Наконец Щепкин сообщил нам, что от Колчака прибыл «Василий Васильевич» с одним миллионом денег, что должны везти еще, но, насколько знаю, больше денег не приняли. Деньги военным Щепкин передавал через И. Н. Тихомирова, мы с Леонтьевым дел с ним не имели и даже не знали его лично. Раз Щепкин дал мне деньги для передачи Кузнецову, что я и исполнил.
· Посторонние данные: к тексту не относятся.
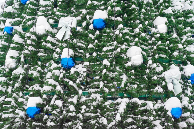 Синие и серебряные шары, луки на рождественской елке, покрытой снегом
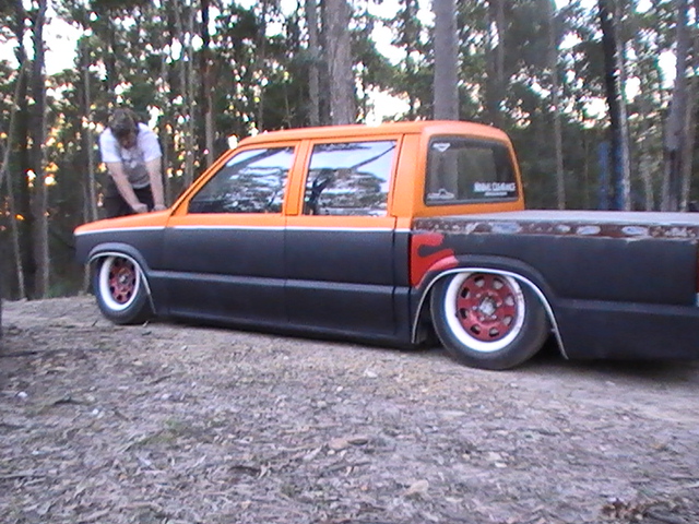 lay it flat on 20s stock arms and stock spindles, rear clip, bodydrop, v8, suicide doors, full interior, respray
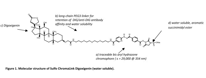 Sulfo ChromaLink Digoxigenin (DIG) incorporates UV-traceable DIG onto proteins containing lysine residues (amine groups) via a water-soluble-succinimidyl activated ester. Sulfo ChromaLink DIG has been engineered to include many novel features. As illustrated in Figure 1,the molecule’s structure contains a bis-aryl hydrazone chromophore (a), linked by a PEG3 linker arm (b), to digoxigenin (c). This reagent permits direct spectroscopic quantification of incorporated digoxigenin. The extended PEG3 linker preserves DIG/anti-DIG antibody affinity and maintains protein solubility after modification while the succinimidyl ester functional group (d), efficiently modifies lysines in aqueous buffers.
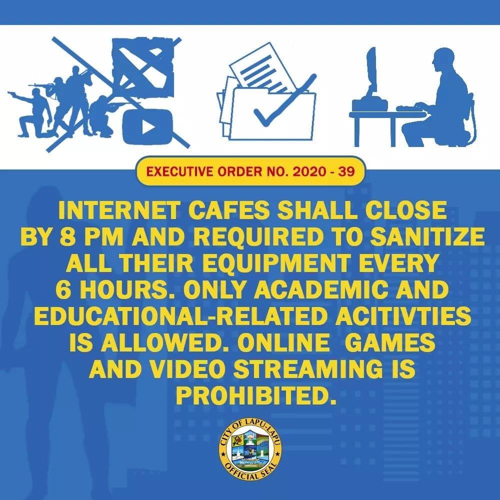また外国人渡航者のみではなく、現地でも色々と規制が入っています。以下はLapu-Lapu Cityから出ているオフィシャルの命令です。
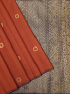The body is rust color with floral Kamalam Butta and the Palla is dense pure zaro Palla in Kanchana blue color and blouse
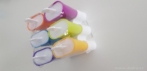 Rozměry jednotlivých forem na nanuky: Š 5,5 x H 3 x V 9,5 cm (objem: 6 x cca 60 ml)
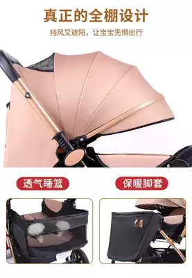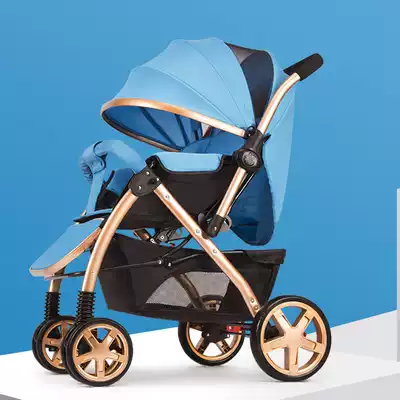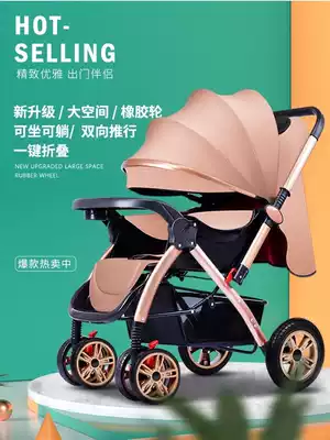 Baby trolley high landscape can sit, can lie down, two-way shock absorber, light folding and widening large wheel baby walking baby car
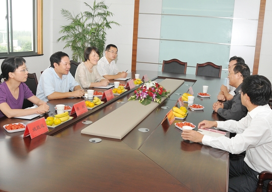 浦玉忠校长向客人介绍了学校的基本情况。李世收副市长对我校充分重视、大力支持常熟市产学研工作给予了高度评价并表示感谢。双方就继续推进科技特派员工作、着力建立产学研合作的长效机制等议题进行了深入交流并形成了广泛共识。

Тут Кузнецов был арестован, и через некоторый промежуток времени Щепкин познакомил нас с начальником штаба Стогова полковником Ступиным. Разговоры в комиссии продолжали носить тот же характер информации. Раз Ступин потребовал, чтобы была организована пропаганда среди рабочих, но ему было известно, что это невозможно. Со Щепкиным Ступин разрабатывал какие-то проекты прокламаций на случай выступления. Они должны были быть доложены в комиссию, но так доложены и не были.

вернуться

250

Речь идет об антисоветской белогвардейской организации в Париже «Русское политическое совещание», считавшей себя единственным «правомочным представителем» России (в него входили ряд членов бывшего Временного правительства, представители Колчака, Деникина, Юденича, члены «Национального центра» и др.). В связи с поражением Колчака летом 1919 года и переориентацией Антанты на Деникина, с которым «Русское политическое совещание» вошло в контакт, оно в августе 1919 года заявило о прекращении своей деятельности.